Task brief →
Return the data that follows exactly as it appears. Pictures do not belong in the copy.

Collected data →
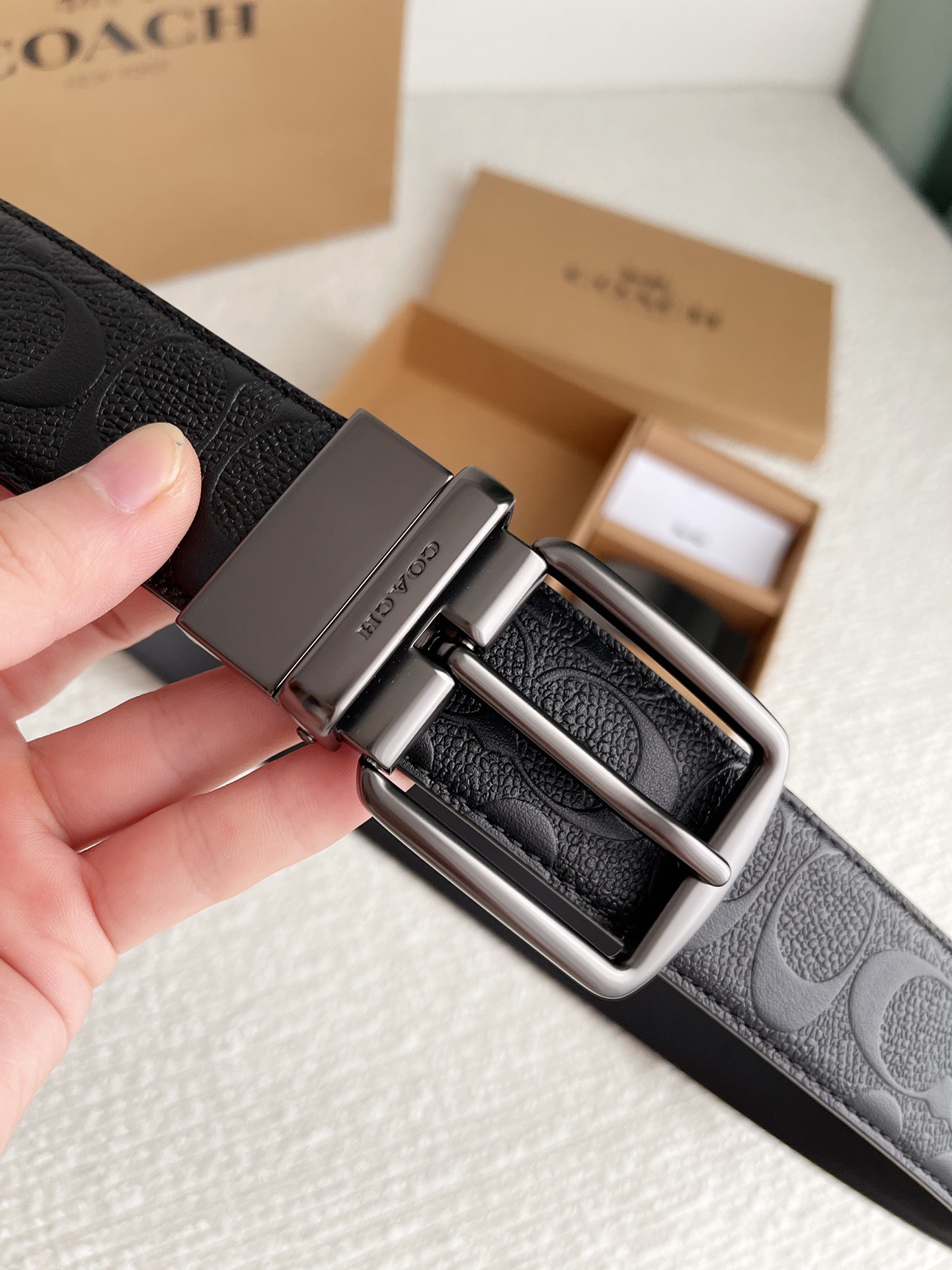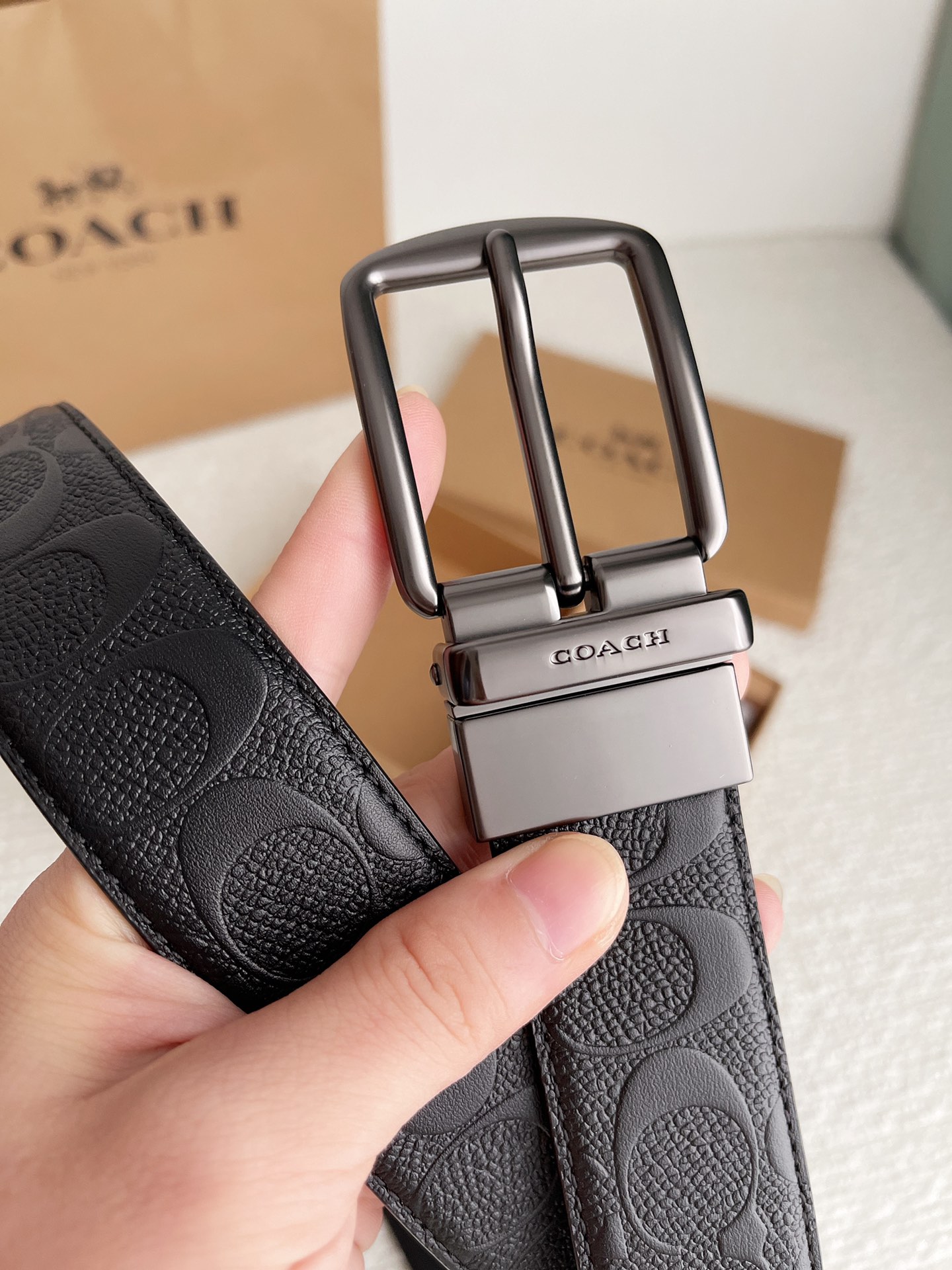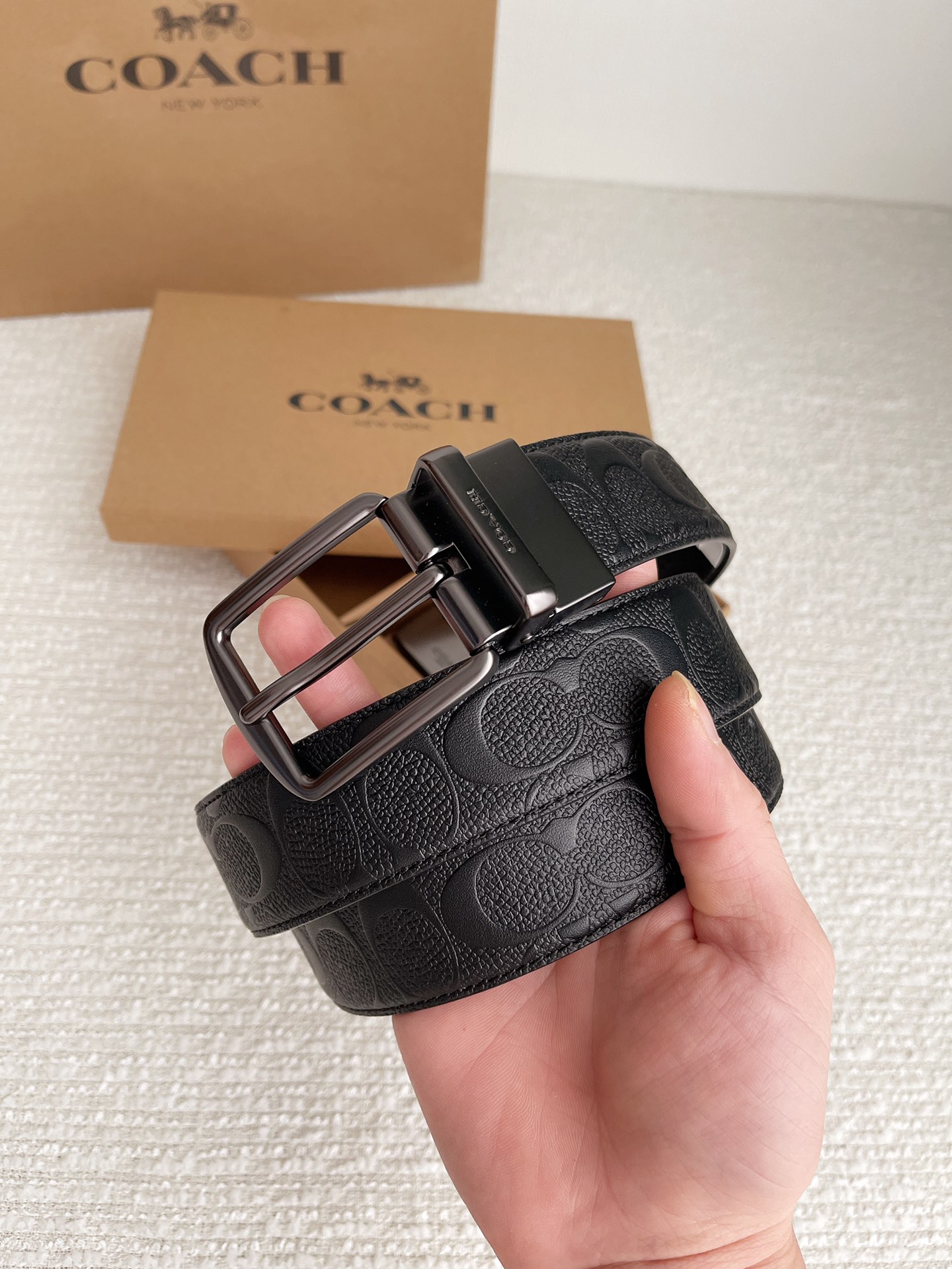 COACH COACH original series 3.7cm belt body counter version mold making German imported locomotive thread exquisite craftsmanship overseas purchasing hottest series with double hardware buckle suitable for both formal and casual wear adhering to unique design style leading fashion high-end quality authentic engraving replication high-end customers must-have item
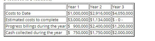During Year 1, Sparky Construction Company has a contract to construct a $4,500,000 high-rise apartment building at an estimated cost of $4,000,000. The contract is to start in July of Year 1 and the high-rise apartment building is to be completed in October of Year 3. The following data pertain to the construction period (Note: by the end of Year 2, Sparky has revised the estimated total cost from $4,000,000 to $4,050,000)
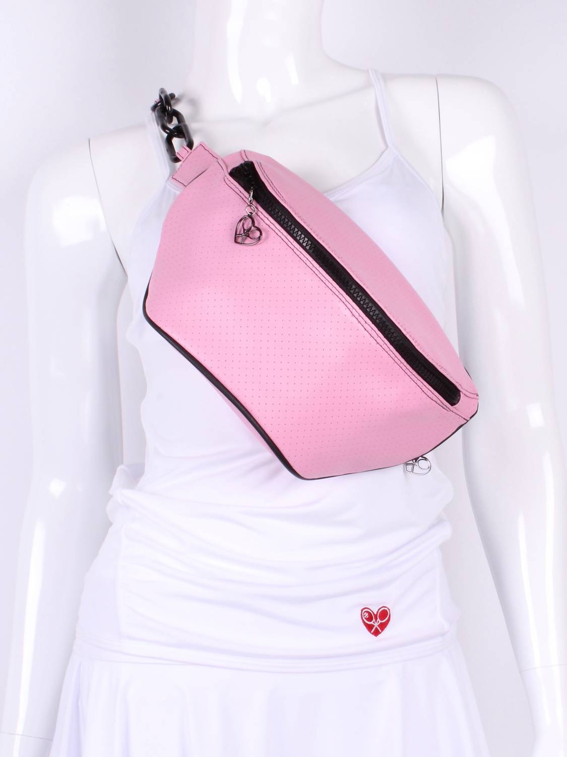 Esta bolsa transversal será sua bolsa preferida da estação. A Pochete Feminina da Love Love Tennis é um acessório chique e funcional para a mulher moderna. Feita à mão com carinho no centro de Los Angeles, esta bolsa de edição limitada oferece a combinação perfeita de luxo e praticidade. Feita em couro vegano macio e durável, possui um interior dividido, forrado com tecido ILMDP coordenado, e um bolso externo traseiro com zíper para maior praticidade. O fecho em cinto preto fosco se ajusta a quadris de 86 cm a 117 cm, tornando-a versátil para usar como transversal.
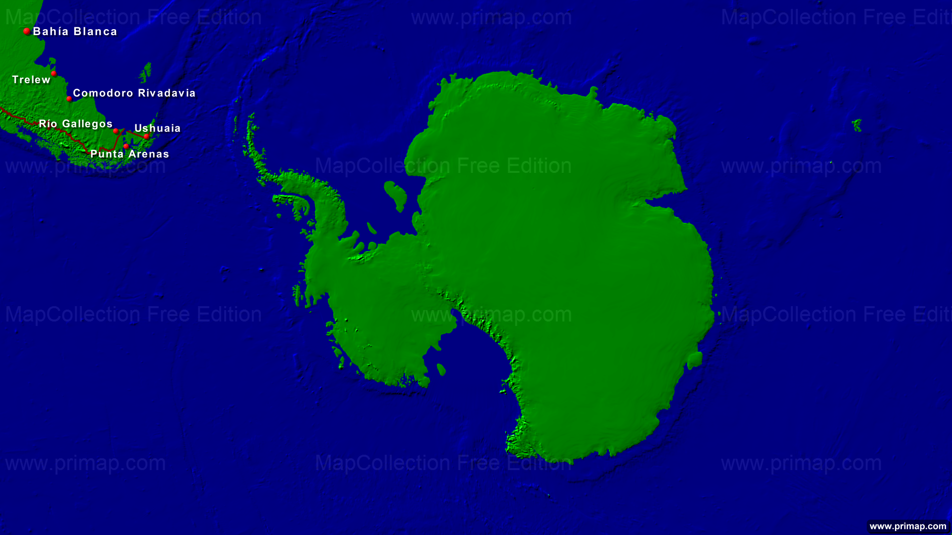 Pole maps - South pole Type 1 - Towns + Borders - 1920x1080 (16:9) large Font

Answer space →
 COACH COACH original series 3.7cm belt body counter version mold making German imported locomotive thread exquisite craftsmanship overseas purchasing hottest series with double hardware buckle suitable for both formal and casual wear adhering to unique design style leading fashion high-end quality authentic engraving replication high-end customers must-have item
During Year 1, Sparky Construction Company has a contract to construct a $4,500,000 high-rise apartment building at an estimated cost of $4,000,000. The contract is to start in July of Year 1 and the high-rise apartment building is to be completed in October of Year 3. The following data pertain to the construction period (Note: by the end of Year 2, Sparky has revised the estimated total cost from $4,000,000 to $4,050,000)
 Esta bolsa transversal será sua bolsa preferida da estação. A Pochete Feminina da Love Love Tennis é um acessório chique e funcional para a mulher moderna. Feita à mão com carinho no centro de Los Angeles, esta bolsa de edição limitada oferece a combinação perfeita de luxo e praticidade. Feita em couro vegano macio e durável, possui um interior dividido, forrado com tecido ILMDP coordenado, e um bolso externo traseiro com zíper para maior praticidade. O fecho em cinto preto fosco se ajusta a quadris de 86 cm a 117 cm, tornando-a versátil para usar como transversal.
 Pole maps - South pole Type 1 - Towns + Borders - 1920x1080 (16:9) large Font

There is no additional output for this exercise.